Mahmood e Blanco hanno vinto la Settantaduesima edizione del Festival di Sanremo con il brano “Brividi“. Una vittoria ampiamente pronosticata già dal primo annuncio e consolidata durante la settimana della kermesse, dove i nostri hanno fatto il pieno di stream, views, scatenando una fortissima euforia da parte dei fan, latitante negli ultimi tempi, Måneskin a parte.

Ma com’è stato questo Sanremo 2022? Scopriamolo con i voti finali, per non dire definitivi.

LE PAGELLE DELLA FINALE DI SANREMO 2022

Matteo Romano, Virale 6

Le “bolle” sono sempre un problema, ognuno ha la sua (noi che scriviamo per esempio siamo vittime di twitter). Ecco, quella di Matteo Romano è tik-tok. L’auspicio è quello di vedere in futuro un allontanamento di questo potenziale bravo artista dalla piattaforma dei giovanissimi, perché il rischio di rimanerci ingabbiato, per sempre, è altissimo.
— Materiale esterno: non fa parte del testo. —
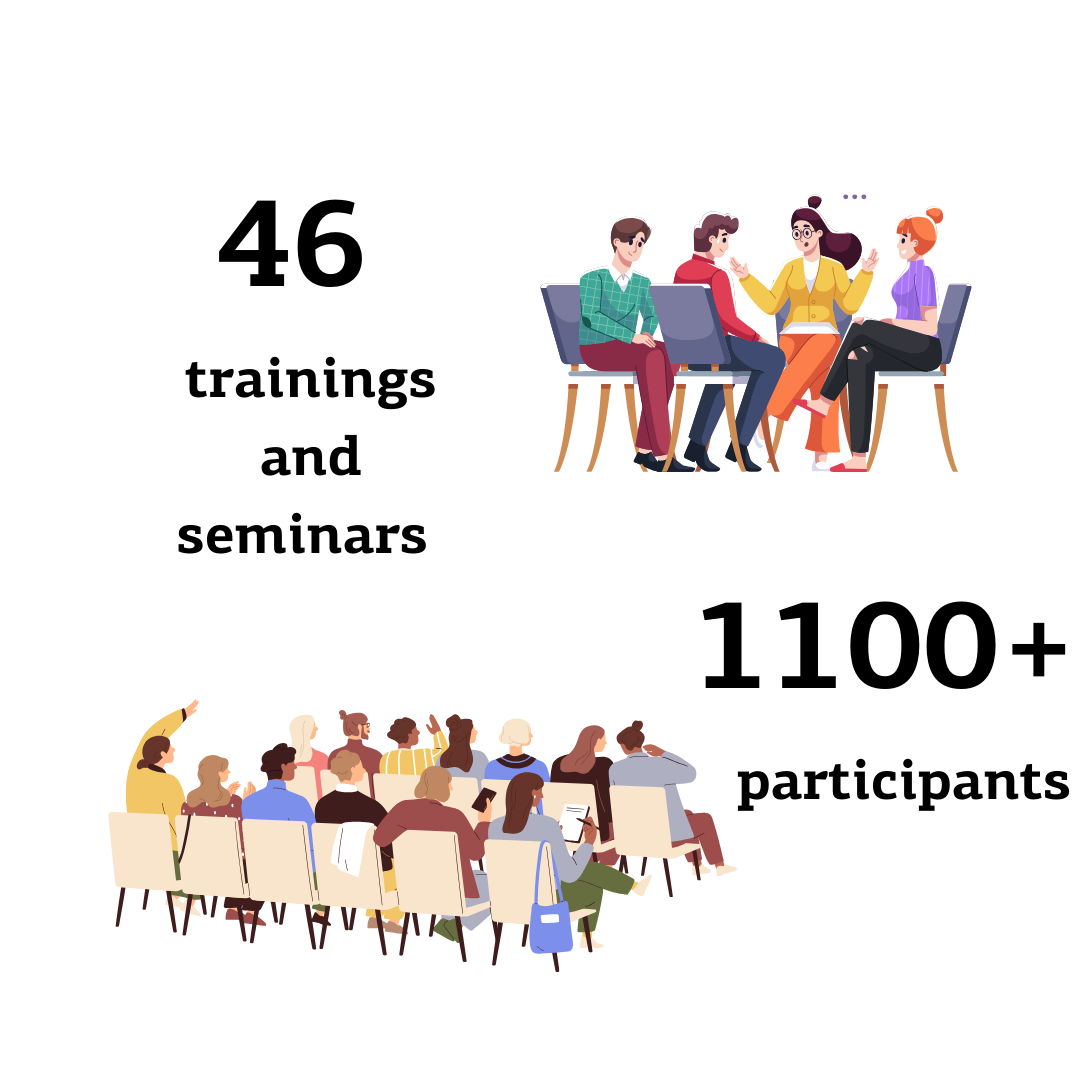 More than 1,000 people participated in our trainings and seminars, primarily on diversity and inclusion. We covered topics such as accessibility, safe work environments, women’s empowerment, and equal treatment. We also organized seminars for lawyers and NGOs on the EU Charter of Fundamental Rights, gender and sexual minorities, and the roots of hate and intolerance.

A ogni modo ha fatto un buon Sanremo, o meglio ha fatto quello che poteva, cantando discretamente.

Giusy Ferreri, Miele 7

La ricezione del brano, e anche della bella cover di ieri, è stata sottotono. Un peccato, perché il pezzo della nostra ha una sua dignità: è orecchiabile, semplice, ma non eccessivamente scontato. Speriamo funzioni davvero in radio. Giusy non è soltanto estate, non è soltanto spiaggia, non è soltanto featuring. Spiace che il tentativo di rimanere sulla stessa lunghezza d’onda del tormentone togliendo la caratteristica estiva non sia stato apprezzato fino in fondo.

Rkomi, Insuperabile 4

Non è un voto alla canzone, è un voto complessivo all’apporto che ha dato Rkomi a questo Festival. Si è presentato come l’artista che ha venduto più copie del 2021, e lo ha fatto con un brano non incisivo, sì ben fatto, ma non incisivo. Ci voleva qualcosa come “Apnea“, per intenderci: è arrivata una hittina che girerà, ma che non ci ricorderemo per tutta la vita. Occasione buttata. E stasera è andato completamente per i fatti suoi.
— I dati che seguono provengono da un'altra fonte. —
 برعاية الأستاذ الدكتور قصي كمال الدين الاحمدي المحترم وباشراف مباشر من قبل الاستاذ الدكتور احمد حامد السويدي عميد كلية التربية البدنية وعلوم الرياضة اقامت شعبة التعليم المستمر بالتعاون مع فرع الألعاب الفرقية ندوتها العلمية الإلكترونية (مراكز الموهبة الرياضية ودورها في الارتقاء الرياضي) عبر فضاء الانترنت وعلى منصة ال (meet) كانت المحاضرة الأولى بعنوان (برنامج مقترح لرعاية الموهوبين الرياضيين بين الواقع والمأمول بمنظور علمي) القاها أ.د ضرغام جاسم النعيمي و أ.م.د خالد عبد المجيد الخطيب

Iva Zanicchi, Voglio amarti 7

Una delle grandi massacrate di questa settimana, non si capisce poi per quale reale motivo. Ha fatto il suo, sfoggiando a 82 anni una voce fuori dal comune, ammaliando tutti con una cover, quella di ieri, sensazionale. La canzone è vecchissima, come era vecchissima quella di Orietta Berti. Due pesi e due misure. Non si può giudicare a simpatia.

Aka7even, Perfetta così 4

Ci vuole ben altro ben incidere. Aka si accontenta di soddisfare i gusti della sua fanbase, senza voler allargare o interessare di allargare un minimo la platea. Canzone puerile per pubblico puerile. Punto.
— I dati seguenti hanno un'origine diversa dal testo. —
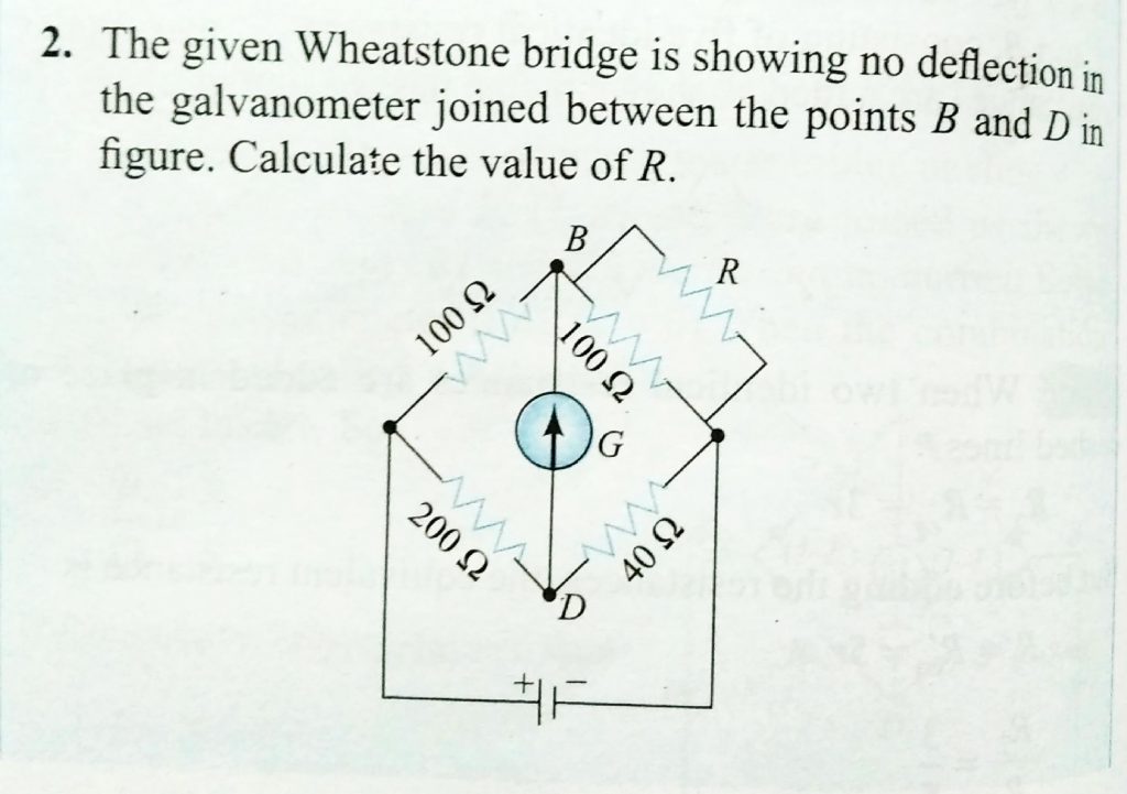 The given Wheatstone bridge is showing no deflection in the galvanometer joined between the points B and D in fig . Calculate the value of R. The given Wheatstone bridge is showing no deflection in the galvanometer joined between the points B and D in fig . Calculate the value of R. November 10, 2020 Category: Uncategorised (JEE Advanced Physics by BM Sharma + GMP Solutions) , Facebook Messenger WhatsApp Share this:TwitterFacebook Related

Massimo Ranieri, Lettera al di là del mare 7

Alla quinta, finalmente, è andata bene. Ranieri torna a essere il super Ranieri che conoscevamo e regala una performance da fuoriclasse, interpretando come un vero attore ogni singola lettera del testo e spingendo nel verso giusto il ritornello, vero problema nelle scorse sere. Ci voleva.

Noemi, Ti amo non lo so dire 7½

L’upgrade che ci aspettavamo dopo quello mancato l’anno scorso. Una giostra di parole con sorgente elettronica, con tante variazioni melodiche e una cascata tra archi e synth. Non ha mai cantato al 100%, ma si apprezza, finalmente, un cambio di passo. Tra le più belle del lotto.

Fabrizio Moro, Sei tu 5-

Moro ci ha abituati a ben altro. In questa occasione ha voluto proporre un pezzo a trazione emozionale e romantica, calcando però un po’ troppo la mano sul lato testuale. Dunque avvicinandosi più alle atmosfere di “Se si potesse non morire” dei Modà rispetto a quelle sue, di solito più ruvide, umane e vere.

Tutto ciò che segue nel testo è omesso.